Das Gebäude ist in Erdtönen gehalten und dekoriert mit Ornamenten, die zur traditionellen Kunst der Aborigines passen (Fotografieren ist leider verboten). Hätten die Aborigines jemals selber Häuser gebaut, dann hätte man sich die genau so vorstellen können. Es haben sogar zwei Frauen in dem angegliederten Café gearbeitet, die zur Hälfte Aborigines sind. Nicht viele Aborigines habe ich arbeiten sehen.
Dafür sind sie viel mehr verbunden mit der Natur als wir, verstehen die Natur sicher besser als wir, haben Geschick im Umgang mit Tieren, können Fährten lesen usw.
Im Süden Australiens habe ich nur wenige Aborigines gesehen. Hier im Nordern Territory hat man den Eindruck, dass sie die Mehrheit der Bevölkerung ausmachen. Sie prägen das Stadtbild in Alice Springs. Fotografiert werden möchten sie meistens nicht und da ich niemanden provozieren möchte, lasse ich das sein.
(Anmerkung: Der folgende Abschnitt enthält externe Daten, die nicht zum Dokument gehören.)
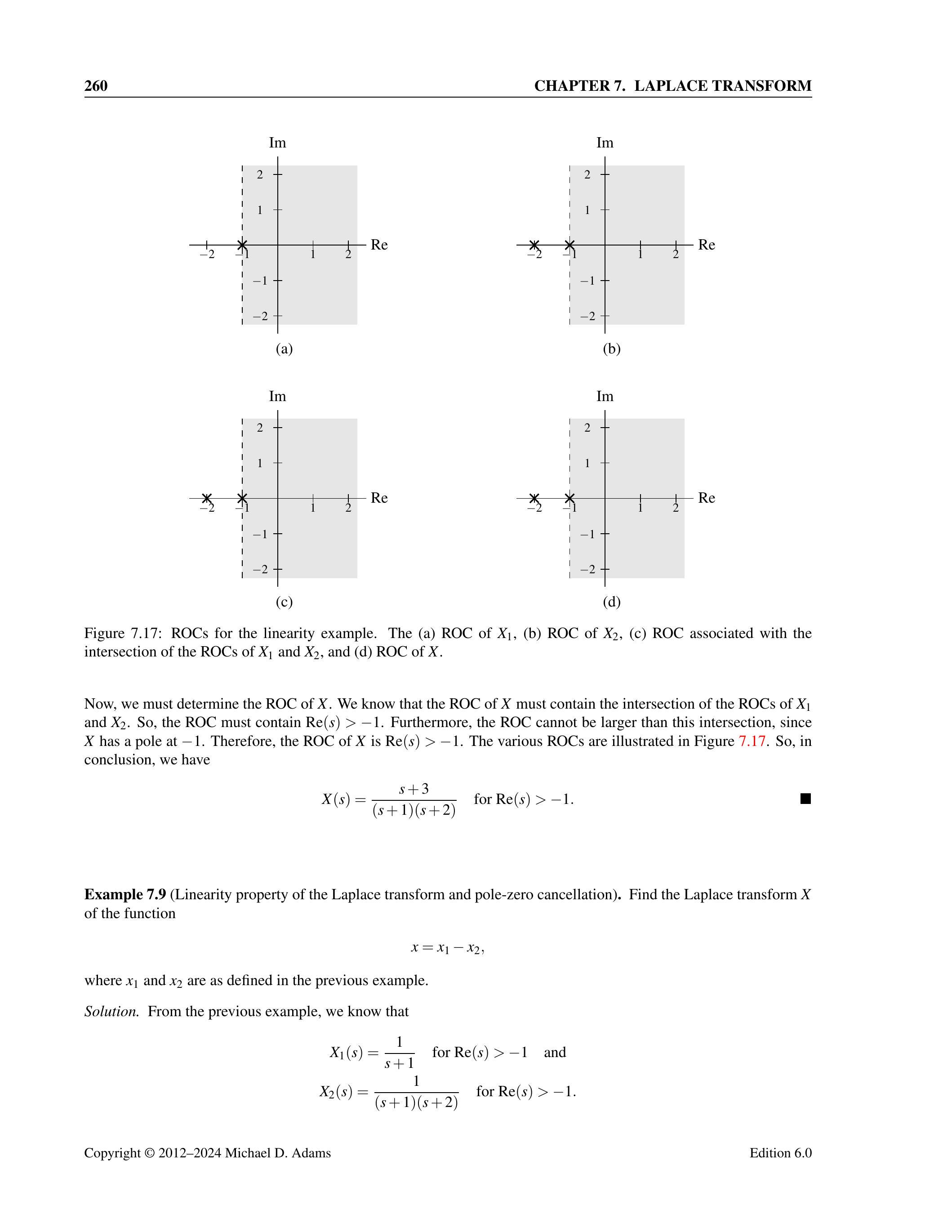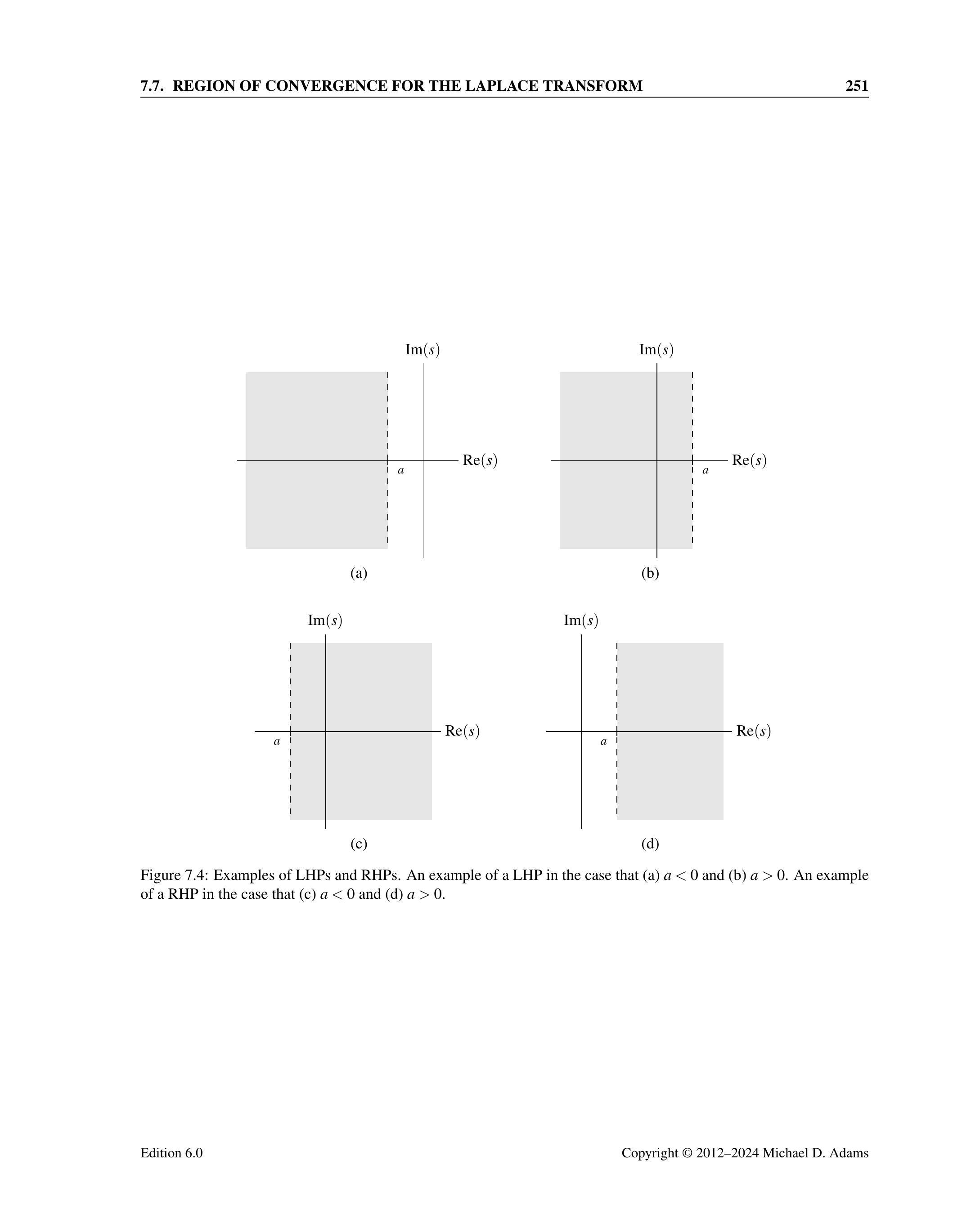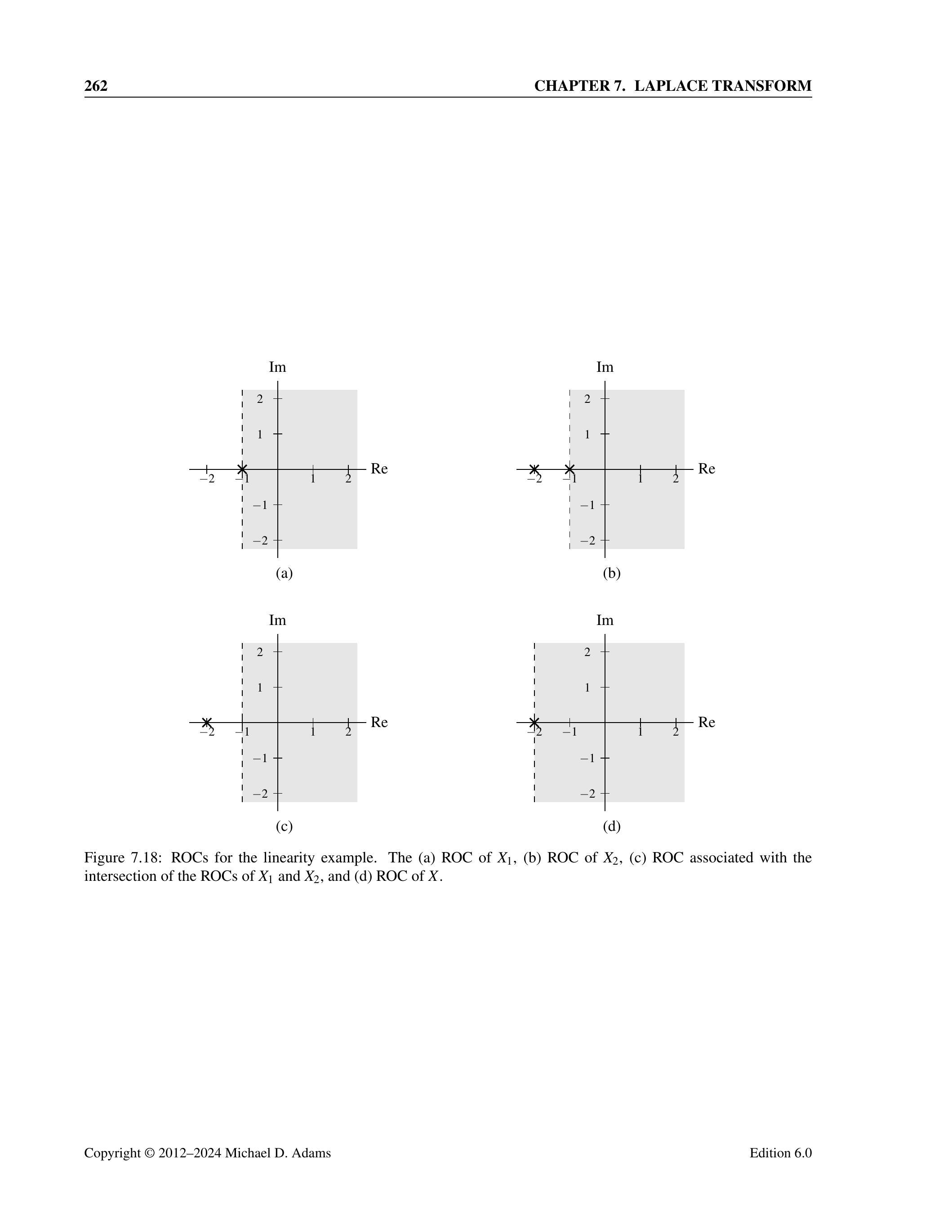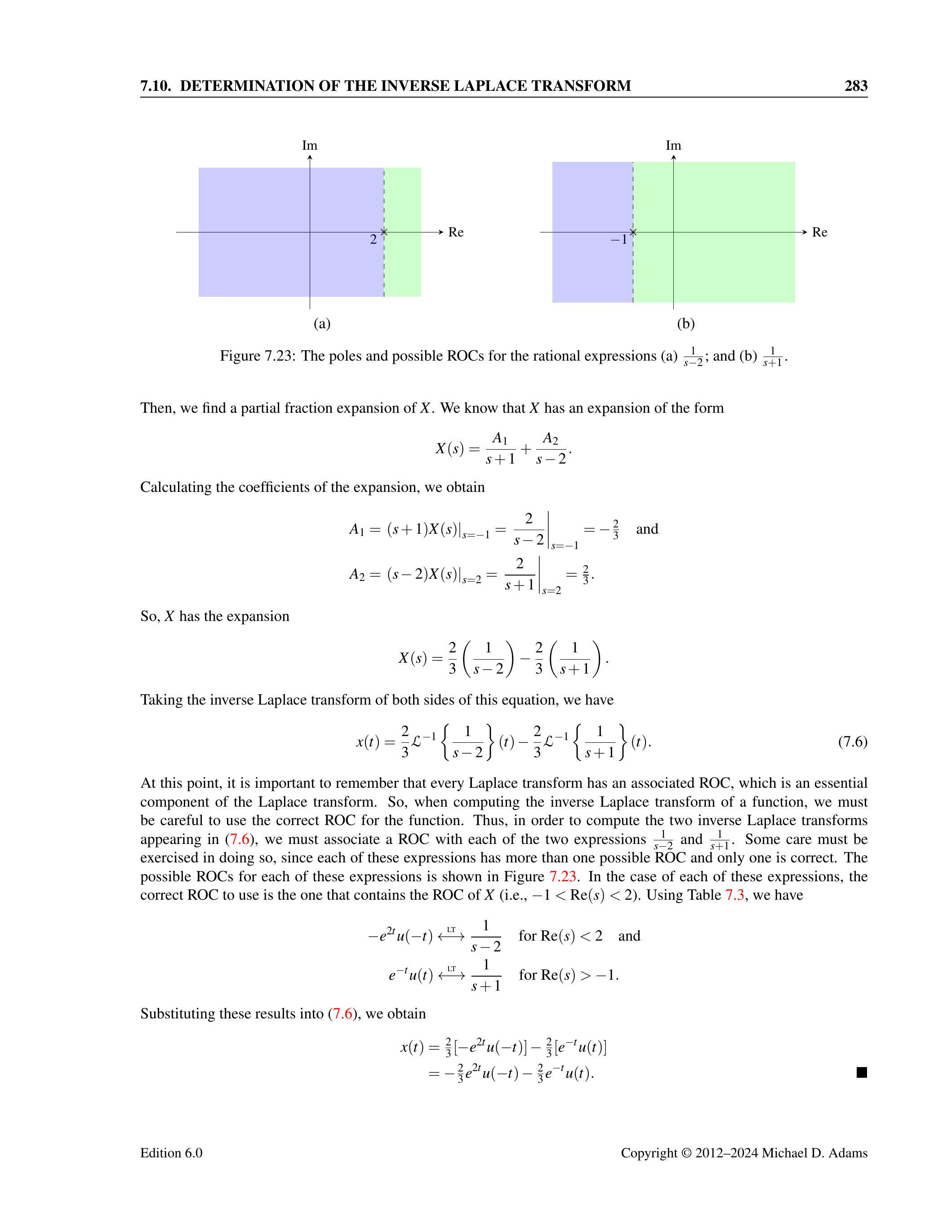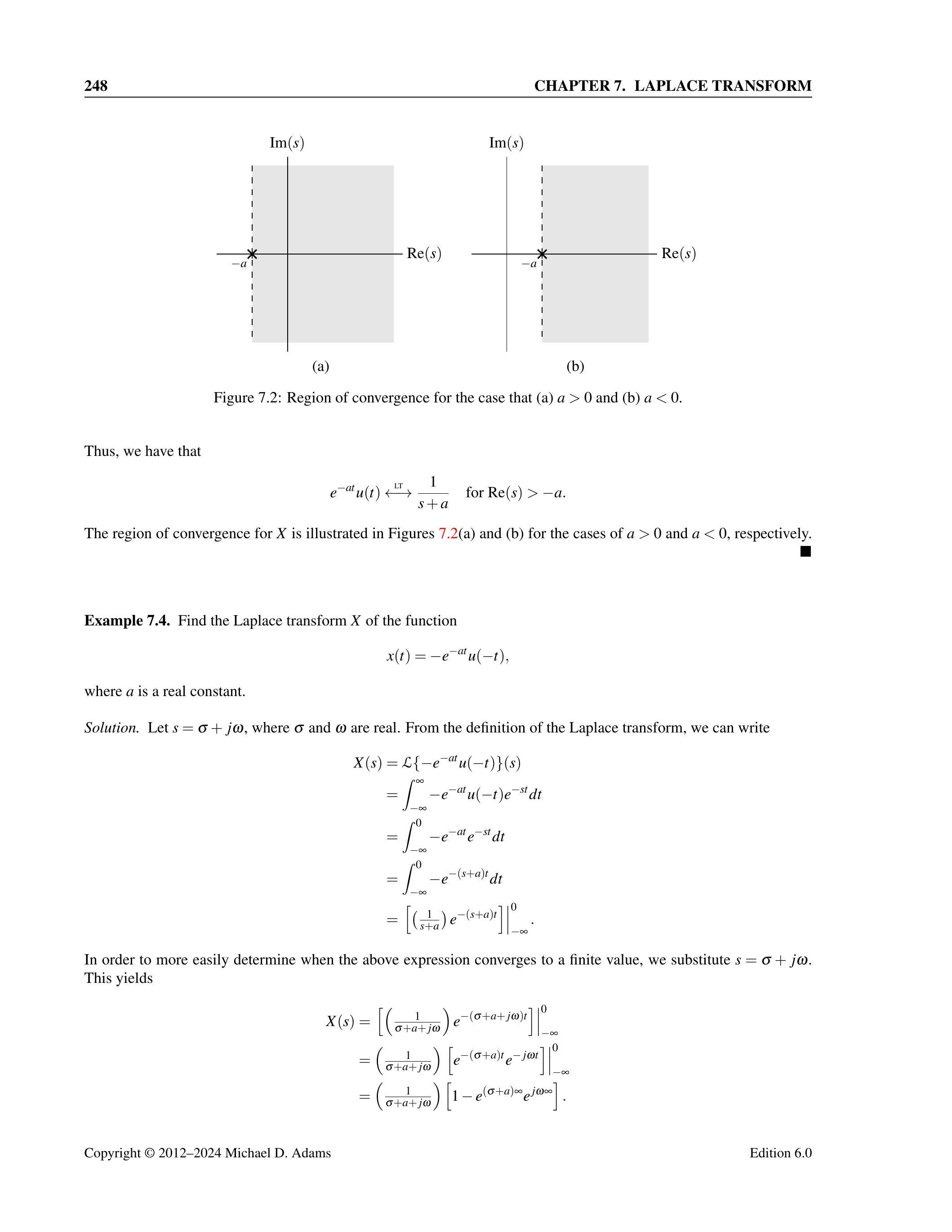 在此,我们比较例 7.3 和例 7.4 的结果,并作出一个重要观察。注意到在这两个例子中,得到的 \(X\) 的代数表达式是相同的(即 \(X(s)=\frac{1}{s+a}\))。唯一的区别在于 \(X\) 的收敛区域。在一个例子中,\(X(s)\) 在 \(\operatorname{Re}(s)>-a\) 时收敛,而在另一个例子中,它在 \(\operatorname{Re}(s)<-a\) 时收敛。事实证明,必须同时给出 \(X\) 的代数表达式及其收敛区域,才能唯一确定 \(x=\mathcal{L}^{-1} X\)。
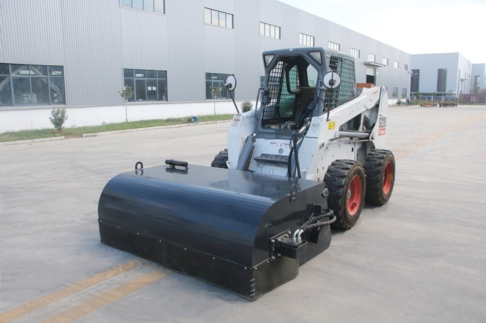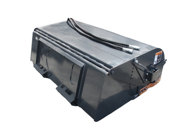 The Skid Steer Box Broom Sweeper Attachment is a great cleanup attachment for those who find the standard angle brooms too messy. This tidy attachment uses an 7" hub and 22" wafers to sweep dirt, light snow, or other debris into the collector bucket and then transport it and dispose using the manual hinging broom. It is user friendly and simple to use to efficiently transport material to a desired location.
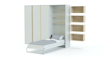 Шкаф-кровать трансформер Фиона 34 BMS – стильная альтернатива привычной мебели в интерьере современной молодежной комнаты. Креативный дизайн сочетается с высокой функциональностью в универсальной композиции 2 в 1. Вместительный шкаф для белья и одежды дополнен модулем-трансформером с откидной кроватью и оригинальными навесными полками для книг и декоративных мелочей. Спальное место раскладывается при помощи вертикального механизма, внутри ниши находятся открытые полки. Купить шкаф-кровать трансформер Фиона 34 BMS приглашаем к нам в интернет-магазин.
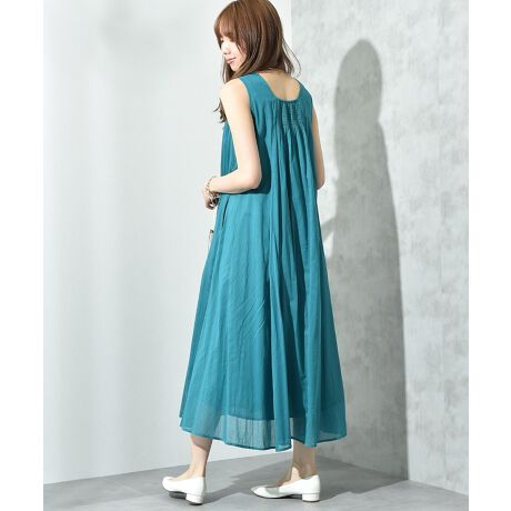 ナチュラルなシボ感で涼し気な素材を使用しています。インド綿は繊維が細くて柔らかい為、肌に優しく心地よい肌さわりが特徴です。通気性の良く蒸れにくいのも◎裾にかけて程よく広がるフレアシルエットがスタイルアップ効果抜群!動くたびに揺れるフレアーが大人レディなアクセントに。前後着用可能の上品なネックはデコルテをきれいに見せてくれ、カジュアルな素材感ながら女性らしい印象に演出してくれるお勧めなワンピースです。
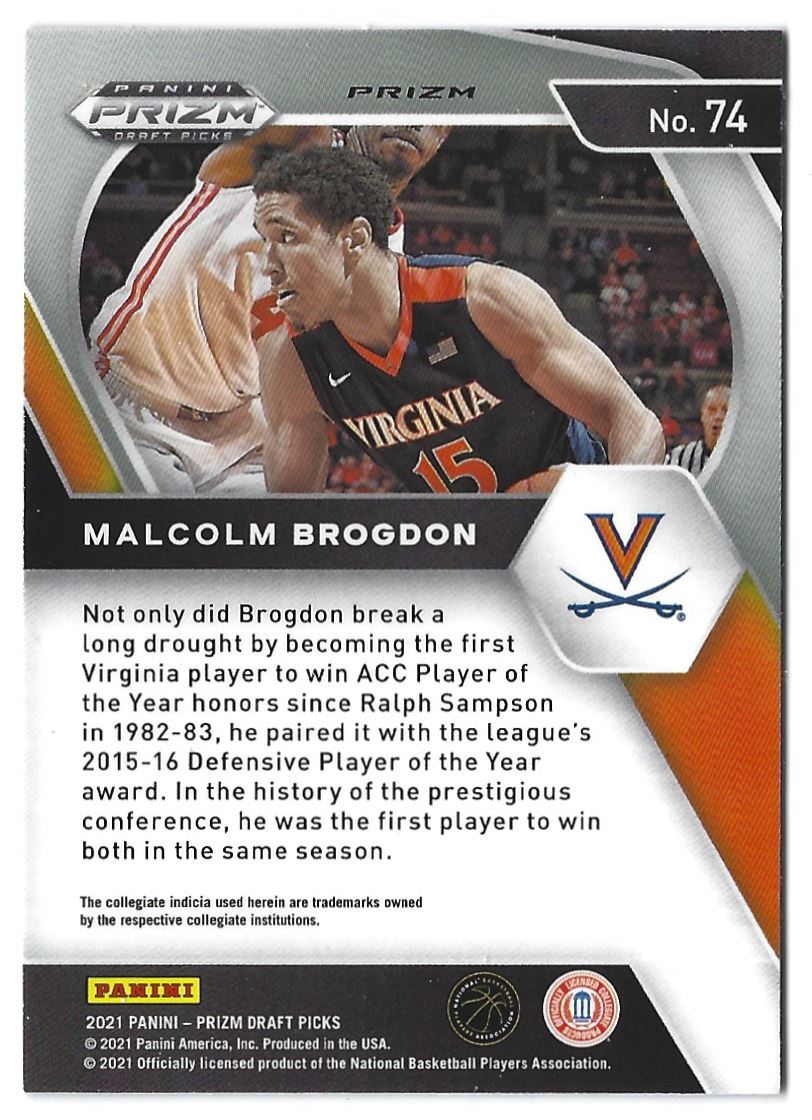 | 2021-22 Panini Prizm Draft Picks Red White Blue Prizm Malcolm Brogdon #74 | ||||||||||||||||||
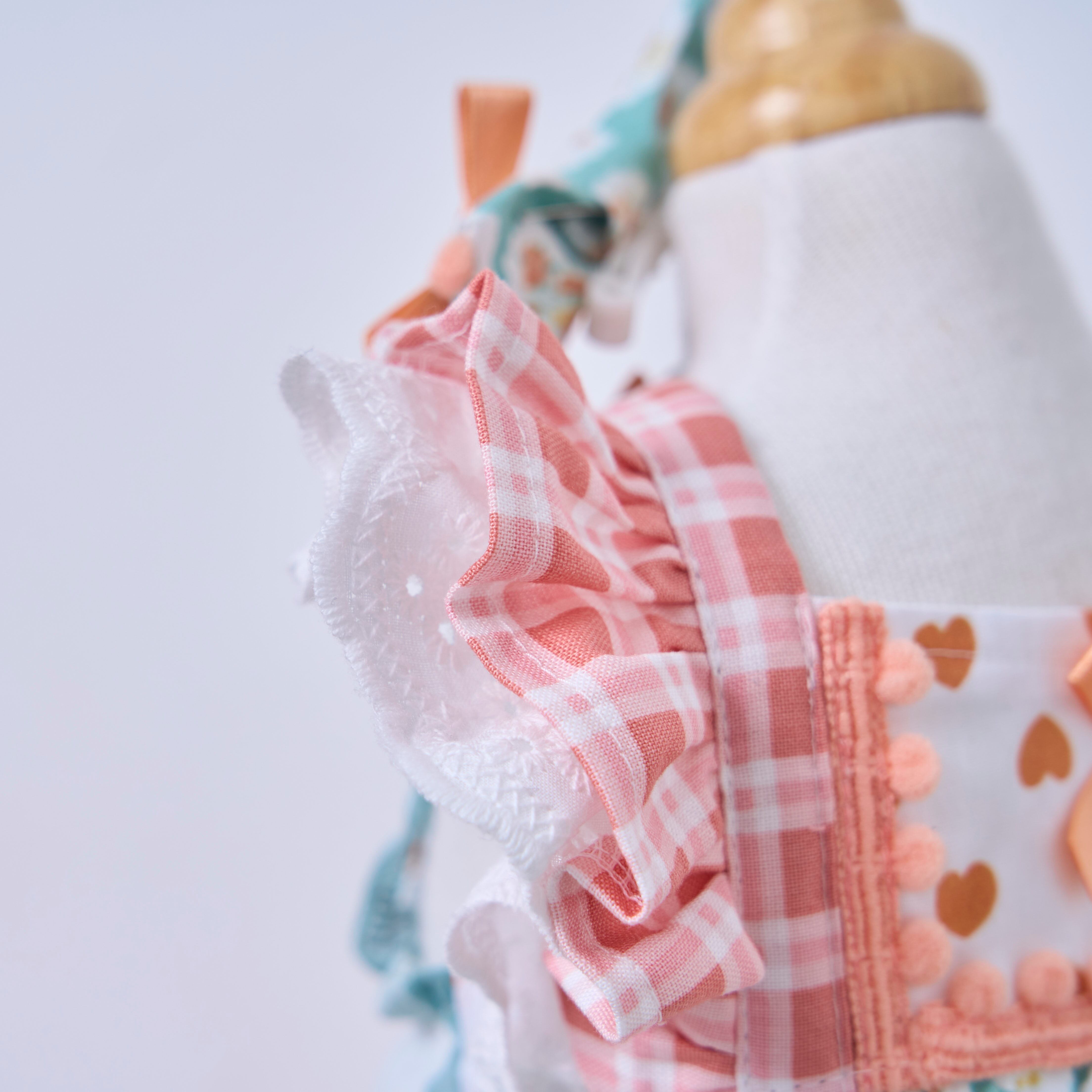 お袖の内側にはコットンレースをあしらいお顔周りを華やかに。

In Vorbereitung auf unsere Tour habe ich viel über die Aborigines gelesen. Wann genau sie nach Australien kamen ist nicht ganz klar. 70000 Jahre sagen die einen, 20000 Jahre die anderen. Es gab unzählige Stämme, von denen jeder seine eigene Sprache hatte. Noch heute soll es rund 250 unterschiedliche Sprachen der Aborigines geben, die sich untereinander nicht verständigen können.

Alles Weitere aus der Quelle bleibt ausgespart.